Isn't that a bit like saying that it's pointless for policemen to wear bulletproof vests because there could always be a sniper aiming at their head?
Generally speaking, and regardless of today's protocols, surely passive eavesdropping is and will always remain easier to accomplish than actively mounting a MITM attack.
No. The opposite is true. It's actually easier to MITM in 2011 than it is to sniff passively; the MITM only needs to play packet games long enough to get the victim to connect to her.
The only reason Firesheep doesn't modify traffic is because it doesn't have to. Faking DNS replies or similar would be trivial to add, were it needed.

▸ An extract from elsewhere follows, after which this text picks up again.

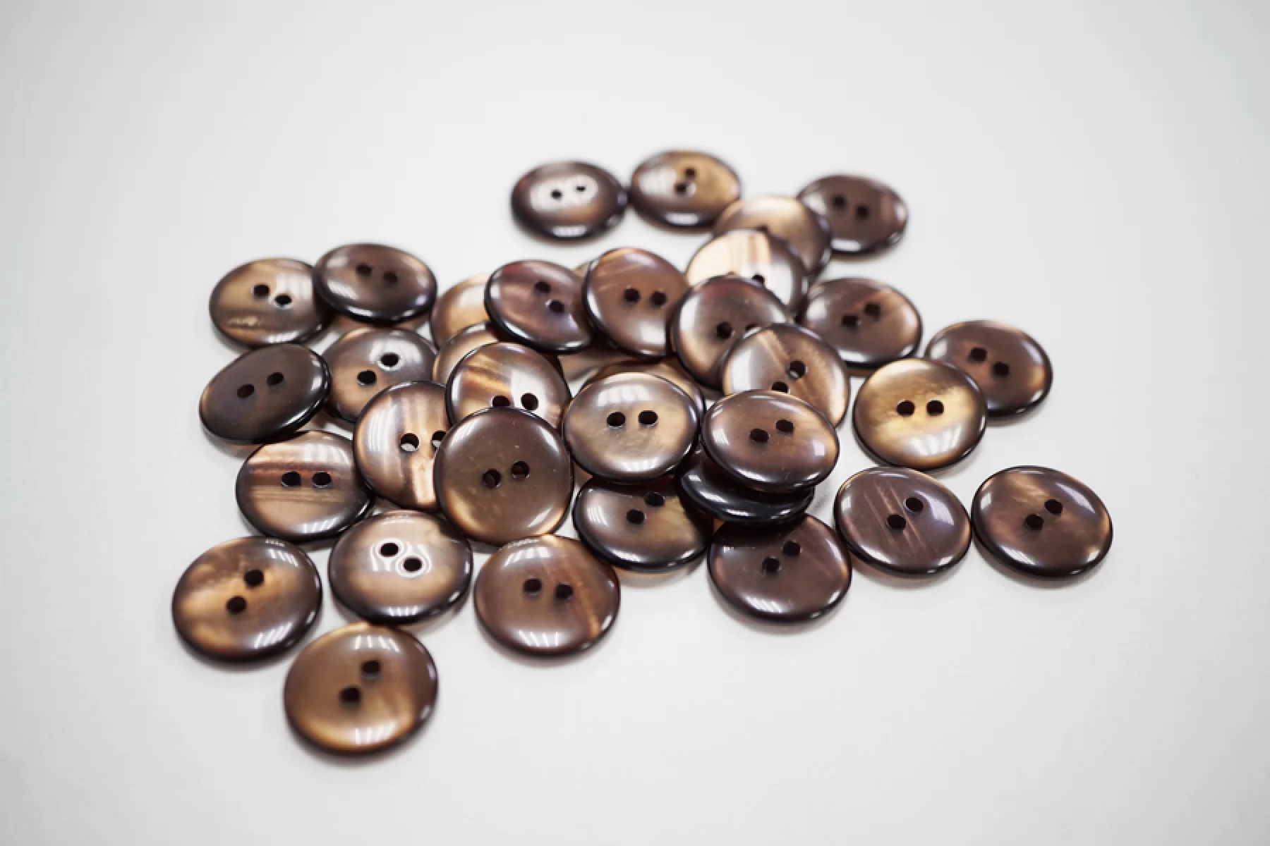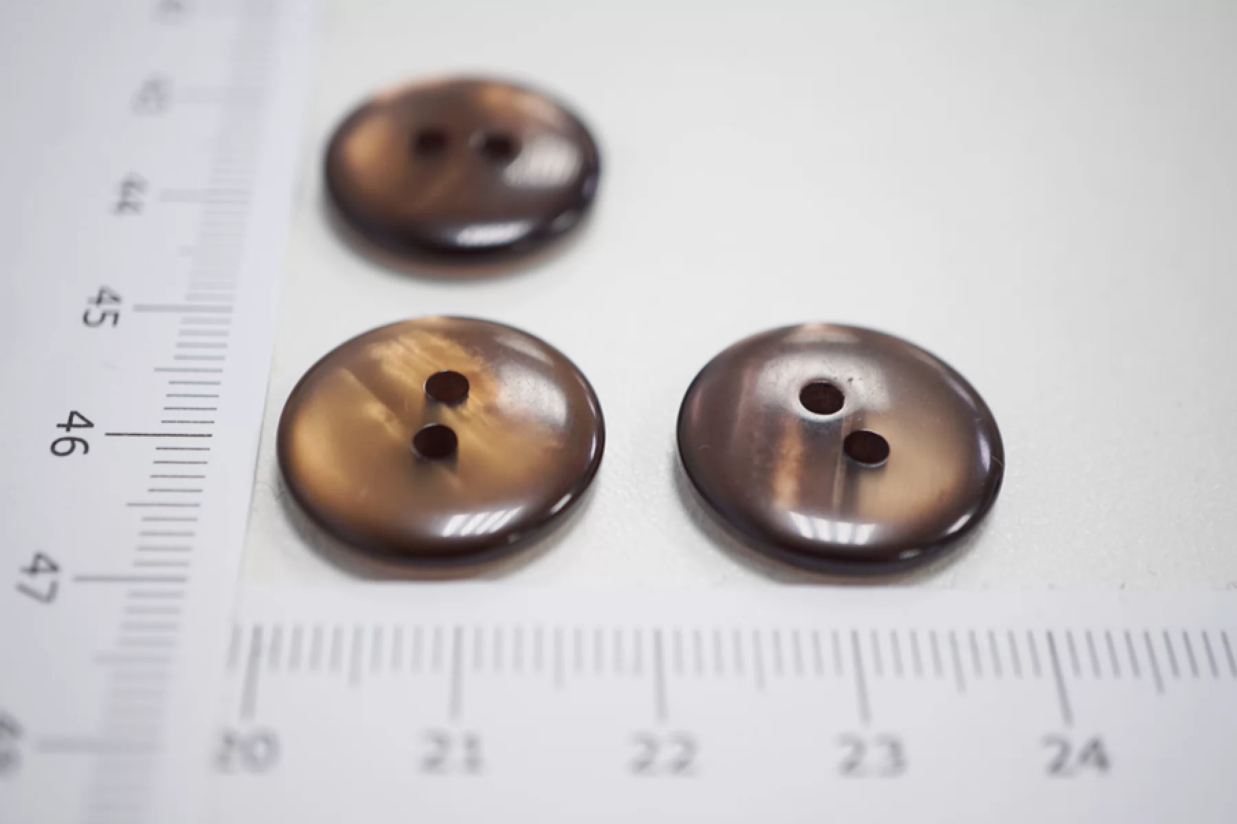Пуговица костюмно-рубашечная из пластмассы, размер 17 мм, коричневого цвета с желтоватыми переливами под перламутр.

The vulnerability here isn't "someone running Firesheep" - that's the exploit. The vulnerability here is "an open WiFi network is a completely trusted medium".
Given the recent EFF story about AT&T shunting all their traffic through NSA computers, I would say it most certainly exists in practice. Basic encryption with no authentication doesn't hold up at all to directed attacks, but it would definitely help with big siphoning attacks that are actually happening right now.
MITM attacks don't have to be directed. It's not technically challenging to mass-MITM a channel --- but you probably wouldn't do that, because you can just pick "interesting" connections (like, to Google Mail) to intercept.
Well, they are also a huge credit to preventing encryption from becoming the standard for all websites by ignoring 'idiots' and I'm talking non-banks like Wikipedia.
Are you happy to visit a John Doe blog with no encryption because he didn't want to pay for a certificate?
I'd rather have an unencrypted connection than encrypted to an unknown endpoint. If John Doe's blog is sensitive enough to require a secure connection, he can use one of the free certificate vendors like StartSSL.
Encryption without authentication is useless. If mybank.com only supports encryption, I have no idea whether I'm actually connected to mybank.com , or to the guy running tcpdump in the next booth.
Firefox gets a lot of grief (from idiots) for refusing self-signed certificates by default, but it's a huge credit to their security team that they've resisted the pressure to ease up.